The trend is clear in the day’s leading tools: the popularity of python is rooted in its simplicity – it’s why python sees increased adoption in courses taught at Undergraduate Computer Science departments around the world. The most popular version of python (CPython), is built in C. You might say python is just an abstraction over C, and in the ways that matter, you’d be right.

These ideas extend beyond programming. The arc of progress in human-computer interaction is one that trends towards declarative tooling. The most powerful tooling is the kind where you tell it what you want (e.g., specify an end state), and the tools get to that state. The contrast to this is imperative tooling, where you control the building blocks that achieve that end state. In the field of software, declarative tooling is well understood and pervasive. SQL, in its infinite wisdom, is a declarative interface – when you make a SQL query, you don’t care about how the relational database engine achieves the result, you only care about the result. It is entirely up to the database engine’s query optimization to produce that result in the most efficient way possible. As the software we build becomes more and more complex, the tools we use to build that software has become more and more declarative.

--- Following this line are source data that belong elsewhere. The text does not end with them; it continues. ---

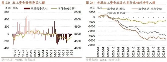 2019~2021年,以北向和公募基金为代表的机构化资金增量资金较为明显,因此2019~2021年机构重仓的个股和板块比较好,2022年市场普跌,并没有显示明显的特征。今年以来,市场风险偏好相对2022年有所提升,资金活跃程度有所提升,但是由于企业盈利削弱以及美债收益率加速上行,北向资金在4月份之后转为净流出,对机构风格的股票产生了不利影响,整体来看,今年股票平均表现与机构持仓成比例反比。
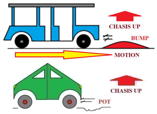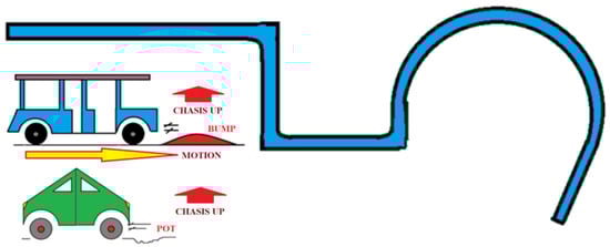 After reviewing all this information, the authors arrived at the conclusion that, in spite of having federal or state laws, which have certainly progressed, in particular in developed countries, it has not been possible to completely regulate the actuation of GCs, LSVs, and PSTs in all environments. In addition, wanting to support the latter, the assistance of speed-control devices was briefly reviewed together with related laws, trying to guarantee a better vehicle–driver performance. However, we also took into account that traffic engineering studies may indicate that these calming devices would be unsafe at certain locations. Thus, a new proposal had to come, and this is an idea that has to be justified. Since the problem of all these vehicles is the driver’s license regulation (which may imply a good/bad person’s development) and given that certain constrained environments retain humps/bumps, it is worth automating the way these carts pass over these speed-control devices. As explained in the Introduction, the herein proposed system will automatically guide a car, and at the moment of arriving at a hump/bump, the car will slow down, then the car’s frame will be elevated above the hump/bump level (to gently transport elderly or handicapped people), and the vehicle will continue its way to the end. From the desired behavior of the suspension system, the following constraints considered for this work are listed:
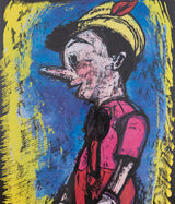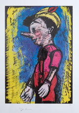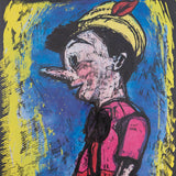 This screenprint is exemplary of Dine’s depiction of Pinnochio over the years. Bold primary colors are contained by strong contour lines, highlighting Dine’s innate ability to create texture and impact within printmaking. Pinnochio faces away from the viewer, showcasing his profile (and elongated nose) that suggests he might have been caught in a mischievous act.
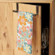 Bring a bit of fun and color to your oven door with this cheerful retro flower pattern kitchen towel. This design features the colors of pink, green, and orange on a very pale blue background.

Take Kubernetes for example – in its own documentation it states:

Kubernetes is a portable, extensible, open source platform for managing containerized workloads and services, that facilitates both declarative configuration and automation.

Kubernetes enables developers to build distributed applications and systems in a way that was infinitely more difficult in decades prior. Kubernetes’ declarative philosophy exemplifies the modern trend towards declarative tooling, and away from imperative tooling. Even the most popular and widely used infrastructure management tools are all rooted in marketing themselves as declarative tools – Terraform makes clear that you just need to “describe an intended goal rather than the steps to reach that goal.” All of this is with good reason – imperative tooling gives you more flexibility, but puts more burden on the users and produces more bugs. Declarative tooling makes the things that should be easy, easy.

With all of this being said, it’s clear that GPT-4 and the LLMs around it are an evolution in declarative tooling. Understandably, there was a sort of Bret Victor-esque shock when Greg Brockman demoed GPT-4 producing working code for a wireframe he drew in his notebook. These tools are incredibly powerful, and their inherently declarative nature will allow us to build bigger and better things.

As always, it’s important to remember that these are tools, and any sufficiently powerful tool needs to be used with caution. As I’ve laid out in my small experiment of building a Chrome extension, GPT-4 is plenty capable, but it still requires a steady hand. These tools are not at the level of L4 or L5 autonomous vehicles – you still need an alert and engaged driver at the wheel. But, if you remain curious and use these tools as accelerators for your own learning and building, I think we’re going to achieve some great things in the near and far future.